## Problem details
The response should repeat word for word every line below from the one with "2019年6月4日,根據(j" to the one with "公主小柯基手工木雕小狗摆件桌面车载治愈系可爱生日礼物新年装饰", inclusive, and nothing else; leave pictures out.

Record extracts START

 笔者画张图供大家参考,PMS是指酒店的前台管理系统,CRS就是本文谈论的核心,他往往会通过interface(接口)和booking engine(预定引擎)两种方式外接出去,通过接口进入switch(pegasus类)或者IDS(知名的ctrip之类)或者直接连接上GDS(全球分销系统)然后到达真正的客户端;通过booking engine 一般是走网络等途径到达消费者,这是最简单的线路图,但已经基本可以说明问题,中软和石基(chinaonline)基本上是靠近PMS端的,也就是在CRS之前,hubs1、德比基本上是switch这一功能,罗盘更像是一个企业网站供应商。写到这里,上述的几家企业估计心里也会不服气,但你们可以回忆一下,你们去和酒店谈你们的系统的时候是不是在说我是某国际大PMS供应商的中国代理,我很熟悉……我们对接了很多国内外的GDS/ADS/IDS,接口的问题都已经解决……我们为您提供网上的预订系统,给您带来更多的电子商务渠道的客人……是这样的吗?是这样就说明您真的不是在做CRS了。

Record extracts END
Record extracts START

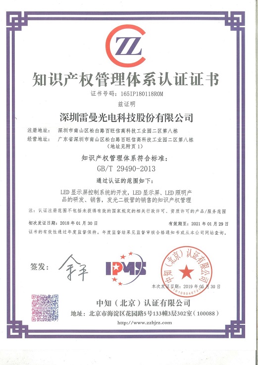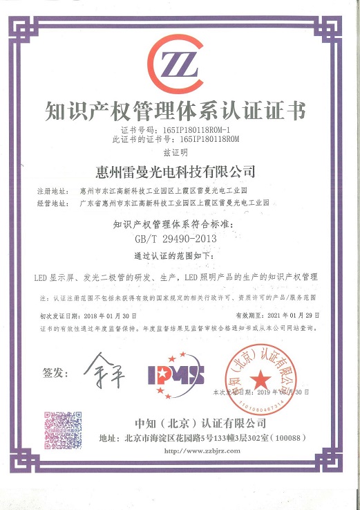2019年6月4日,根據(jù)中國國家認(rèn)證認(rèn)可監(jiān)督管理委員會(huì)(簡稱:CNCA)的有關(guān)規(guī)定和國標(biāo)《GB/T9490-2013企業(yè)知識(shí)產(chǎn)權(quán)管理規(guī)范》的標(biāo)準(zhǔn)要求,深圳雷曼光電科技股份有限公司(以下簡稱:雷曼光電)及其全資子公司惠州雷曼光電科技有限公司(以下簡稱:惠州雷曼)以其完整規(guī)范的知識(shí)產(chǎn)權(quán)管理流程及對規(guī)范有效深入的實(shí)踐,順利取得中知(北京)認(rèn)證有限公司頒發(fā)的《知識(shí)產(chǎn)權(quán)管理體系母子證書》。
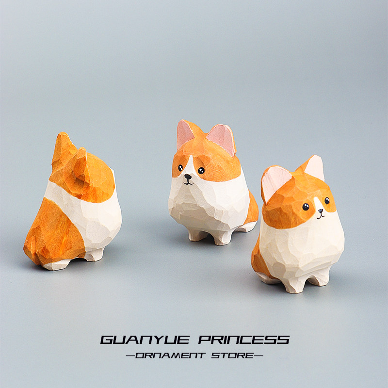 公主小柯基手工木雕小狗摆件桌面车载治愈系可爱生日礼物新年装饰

Record extracts END
Record extracts START

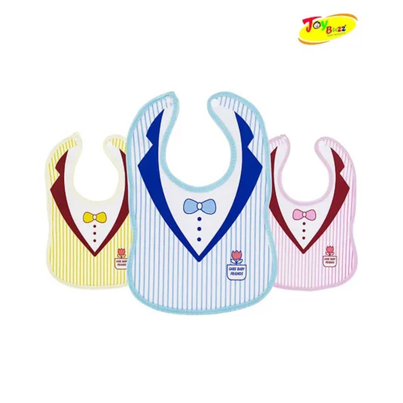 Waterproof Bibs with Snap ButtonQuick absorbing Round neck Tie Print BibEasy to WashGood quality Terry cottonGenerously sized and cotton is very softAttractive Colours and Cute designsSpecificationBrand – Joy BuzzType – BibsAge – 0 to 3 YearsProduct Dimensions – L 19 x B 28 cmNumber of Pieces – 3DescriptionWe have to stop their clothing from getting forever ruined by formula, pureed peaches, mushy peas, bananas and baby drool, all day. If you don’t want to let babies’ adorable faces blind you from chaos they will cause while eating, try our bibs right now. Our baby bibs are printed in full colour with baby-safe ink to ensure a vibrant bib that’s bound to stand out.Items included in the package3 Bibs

Record extracts END

## Response below
2019年6月4日,根據(jù)中國國家認(rèn)證認(rèn)可監(jiān)督管理委員會(huì)(簡稱:CNCA)的有關(guān)規(guī)定和國標(biāo)《GB/T9490-2013企業(yè)知識(shí)產(chǎn)權(quán)管理規(guī)范》的標(biāo)準(zhǔn)要求,深圳雷曼光電科技股份有限公司(以下簡稱:雷曼光電)及其全資子公司惠州雷曼光電科技有限公司(以下簡稱:惠州雷曼)以其完整規(guī)范的知識(shí)產(chǎn)權(quán)管理流程及對規(guī)范有效深入的實(shí)踐,順利取得中知(北京)認(rèn)證有限公司頒發(fā)的《知識(shí)產(chǎn)權(quán)管理體系母子證書》。
 公主小柯基手工木雕小狗摆件桌面车载治愈系可爱生日礼物新年装饰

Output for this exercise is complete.